Top of RECORDS SUPPLIED

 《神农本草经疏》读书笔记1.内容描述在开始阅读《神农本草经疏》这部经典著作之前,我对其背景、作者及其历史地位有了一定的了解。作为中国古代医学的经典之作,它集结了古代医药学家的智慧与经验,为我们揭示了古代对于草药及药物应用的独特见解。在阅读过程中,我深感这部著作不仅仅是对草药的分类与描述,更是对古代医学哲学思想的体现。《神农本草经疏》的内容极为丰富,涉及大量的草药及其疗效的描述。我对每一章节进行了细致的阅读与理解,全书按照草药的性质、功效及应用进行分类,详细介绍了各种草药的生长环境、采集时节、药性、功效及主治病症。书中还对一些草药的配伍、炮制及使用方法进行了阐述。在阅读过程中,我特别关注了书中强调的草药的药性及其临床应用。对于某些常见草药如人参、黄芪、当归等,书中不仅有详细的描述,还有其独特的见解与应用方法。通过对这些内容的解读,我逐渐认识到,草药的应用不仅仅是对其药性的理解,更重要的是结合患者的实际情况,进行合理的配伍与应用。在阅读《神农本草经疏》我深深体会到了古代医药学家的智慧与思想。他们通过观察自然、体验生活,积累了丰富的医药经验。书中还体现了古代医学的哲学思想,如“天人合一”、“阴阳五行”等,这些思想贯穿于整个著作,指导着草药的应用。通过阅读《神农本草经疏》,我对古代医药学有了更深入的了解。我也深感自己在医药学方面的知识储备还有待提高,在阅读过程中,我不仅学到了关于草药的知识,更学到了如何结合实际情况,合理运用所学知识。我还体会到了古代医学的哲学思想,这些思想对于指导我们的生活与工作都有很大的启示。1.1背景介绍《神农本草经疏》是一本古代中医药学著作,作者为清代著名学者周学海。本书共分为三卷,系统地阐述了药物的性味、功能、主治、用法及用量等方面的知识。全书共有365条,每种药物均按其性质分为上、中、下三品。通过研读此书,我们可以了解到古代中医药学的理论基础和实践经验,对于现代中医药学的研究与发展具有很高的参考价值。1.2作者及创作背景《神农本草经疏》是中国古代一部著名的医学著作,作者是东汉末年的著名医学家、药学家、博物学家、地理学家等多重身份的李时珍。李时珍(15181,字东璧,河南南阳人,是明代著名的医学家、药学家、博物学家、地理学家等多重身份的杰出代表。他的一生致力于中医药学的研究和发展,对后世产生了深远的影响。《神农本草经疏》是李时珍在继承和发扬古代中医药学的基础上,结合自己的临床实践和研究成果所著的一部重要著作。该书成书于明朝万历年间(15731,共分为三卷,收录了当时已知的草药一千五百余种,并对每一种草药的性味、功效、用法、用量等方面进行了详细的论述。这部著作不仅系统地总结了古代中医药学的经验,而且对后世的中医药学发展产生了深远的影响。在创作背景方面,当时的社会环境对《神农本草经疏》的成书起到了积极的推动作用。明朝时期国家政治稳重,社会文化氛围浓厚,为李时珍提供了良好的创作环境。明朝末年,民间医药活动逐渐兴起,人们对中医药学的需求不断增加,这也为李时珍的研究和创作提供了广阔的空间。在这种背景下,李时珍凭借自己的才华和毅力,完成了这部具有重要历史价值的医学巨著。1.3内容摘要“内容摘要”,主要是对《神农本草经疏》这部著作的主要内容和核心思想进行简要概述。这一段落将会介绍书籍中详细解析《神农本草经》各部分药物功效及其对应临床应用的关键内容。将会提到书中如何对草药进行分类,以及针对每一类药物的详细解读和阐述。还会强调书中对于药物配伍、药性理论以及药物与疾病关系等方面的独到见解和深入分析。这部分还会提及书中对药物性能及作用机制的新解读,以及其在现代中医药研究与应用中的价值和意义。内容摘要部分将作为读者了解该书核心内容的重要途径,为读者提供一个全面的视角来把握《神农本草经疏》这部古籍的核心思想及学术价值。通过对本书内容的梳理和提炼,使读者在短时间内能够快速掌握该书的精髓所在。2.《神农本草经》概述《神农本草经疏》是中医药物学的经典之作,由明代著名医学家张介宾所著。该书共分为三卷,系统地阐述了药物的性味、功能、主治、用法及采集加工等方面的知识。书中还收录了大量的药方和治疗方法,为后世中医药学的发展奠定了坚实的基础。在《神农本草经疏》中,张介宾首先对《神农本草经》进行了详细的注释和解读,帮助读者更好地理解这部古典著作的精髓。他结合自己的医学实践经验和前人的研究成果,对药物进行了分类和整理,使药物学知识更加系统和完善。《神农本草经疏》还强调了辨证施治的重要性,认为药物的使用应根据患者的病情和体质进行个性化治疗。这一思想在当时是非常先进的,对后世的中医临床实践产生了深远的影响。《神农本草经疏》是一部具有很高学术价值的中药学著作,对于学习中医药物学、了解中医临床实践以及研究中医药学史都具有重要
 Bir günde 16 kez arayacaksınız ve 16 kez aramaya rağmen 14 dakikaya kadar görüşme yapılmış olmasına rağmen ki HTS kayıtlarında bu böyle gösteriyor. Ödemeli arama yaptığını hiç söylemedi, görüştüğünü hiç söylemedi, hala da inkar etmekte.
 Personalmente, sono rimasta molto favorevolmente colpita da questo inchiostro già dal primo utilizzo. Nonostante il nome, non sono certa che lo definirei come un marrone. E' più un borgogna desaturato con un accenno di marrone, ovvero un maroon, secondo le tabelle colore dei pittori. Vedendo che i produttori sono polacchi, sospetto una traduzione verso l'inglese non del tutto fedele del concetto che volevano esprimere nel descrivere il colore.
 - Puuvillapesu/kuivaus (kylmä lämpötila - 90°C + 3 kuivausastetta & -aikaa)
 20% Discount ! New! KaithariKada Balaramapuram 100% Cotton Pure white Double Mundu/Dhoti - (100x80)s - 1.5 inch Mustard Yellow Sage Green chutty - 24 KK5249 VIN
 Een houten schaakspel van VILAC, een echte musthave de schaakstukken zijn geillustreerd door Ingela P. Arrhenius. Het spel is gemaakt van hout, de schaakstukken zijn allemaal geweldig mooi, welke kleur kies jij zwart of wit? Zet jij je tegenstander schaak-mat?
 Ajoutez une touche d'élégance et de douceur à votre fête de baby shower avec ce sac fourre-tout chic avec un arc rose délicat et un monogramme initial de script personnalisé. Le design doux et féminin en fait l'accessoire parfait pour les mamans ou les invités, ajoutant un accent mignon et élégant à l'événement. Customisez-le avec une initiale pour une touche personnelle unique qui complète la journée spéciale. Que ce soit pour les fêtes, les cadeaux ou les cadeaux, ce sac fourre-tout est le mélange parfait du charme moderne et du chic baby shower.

Bottom of RECORDS SUPPLIED

▶ **WHAT TO DO**
Could you restate word for word the lines above, from the one that contains "20% Discount !" through the one that contains "Een houten schaakspel", and no others?

▶ **ANSWER SPACE**
 20% Discount ! New! KaithariKada Balaramapuram 100% Cotton Pure white Double Mundu/Dhoti - (100x80)s - 1.5 inch Mustard Yellow Sage Green chutty - 24 KK5249 VIN
 Een houten schaakspel van VILAC, een echte musthave de schaakstukken zijn geillustreerd door Ingela P. Arrhenius. Het spel is gemaakt van hout, de schaakstukken zijn allemaal geweldig mooi, welke kleur kies jij zwart of wit? Zet jij je tegenstander schaak-mat?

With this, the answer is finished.